Wednesday, December 8, 2010

An unfussy-to-make rack of lamb

Rack of lamb. It sounds so elegant, so fancy – and fussy to prepare.
   I've found a recipe, though, that I didn’t find at all difficult to make, and it worked beautifully.
   Pistachio-Crusted Rack of Lamb (click for the recipe) from Bon Appetit magazine is delicious. It would be a tremendous main dish for a dinner party.
   I envision it sitting grandly in the table’s center, surrounded by glasses of bubbly and happy faces.
   Racks of lamb can be a bit skimpy, though, so if you’re making this recipe for more than four people, you may want to increase the recipe accordingly, or make sure you have side dishes in abundance.
   I could only find small racks of lamb at the supermarket, and so prepared two small to equal the one large (2 ¼ lbs) referenced in the recipe. I found frozen racks of lamb at Superstore in Canada, and defrosted them according to the package directions.
   The recipe calls for unsalted pistaschio nuts. This means shelled pistachios without salt. I could only find salted shelled pistachios and so I used those, and the recipe didn’t taste salty.
   Here’s how the rack of lamb is prepared:
   Pomegranate juice, dried currants and garlic are boiled in a skillet until the liquid is syrupy. The liquid is transferred to a processor, and chilled butter, cinnamon and cumin are added and the mixture chopped until a coarse purée forms. The processor bowl is put in the freezer for 10 minutes to slightly firm the butter.
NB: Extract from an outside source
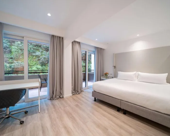 Klima uređaj i centralno grejanje obezbeđuju da sobe održavaju udobne temperature. Gosti mogu uživati u pogledu na more sa balkona ili terase. Kreveti za decu mogu biti zatraženi za mlađe goste. Sef, minibar i radni sto su takođe dostupni. Postoji potpuno opremljena čajna kuhinja sa frižiderom, mini frižiderom, mikrotalasnom pećnicom i aparatom za kafu/čaj. Direktno biranje telefona, televizor sa satelitskim/kablovskim kanalima, radio i WiFi (uz doplatu) pružaju sve neophodne stvari za udoban odmor. Papuče su uključene. Kupatila imaju tuš, kadu i bidet. Fen za kosu, bade mantili i telefon su obezbeđeni. Za dodatnu udobnost u kupatilima, gostima su ponuđeni kozmetički proizvodi. Gosti takođe mogu rezervisati sobe prilagođene za osobe u invalidskim kolicima sa kupatilima prilagođenim kolima. Hotel ima porodične sobe i sobe za nepušače.
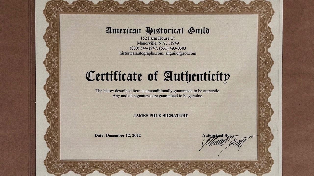 timeless legacy of President Polk. The autograph comes with a certificate of authenticity, further ensuring its

   The rack(s) of lamb are placed bone side down on a baking sheet lined with foil. The pomegranate butter is spread on the racks, and chopped pistachio nuts and panko (Japanese breadcrumbs – look for it in the bakery or the Asian foods section of the supermarket) is pressed into the rack(s) to adhere.
   The rack(s) are roasted in the oven at 400 F for 30 minutes, then left to rest for 10 minutes. The lamb is cut between the bones, and served drizzled with any juices from the foil.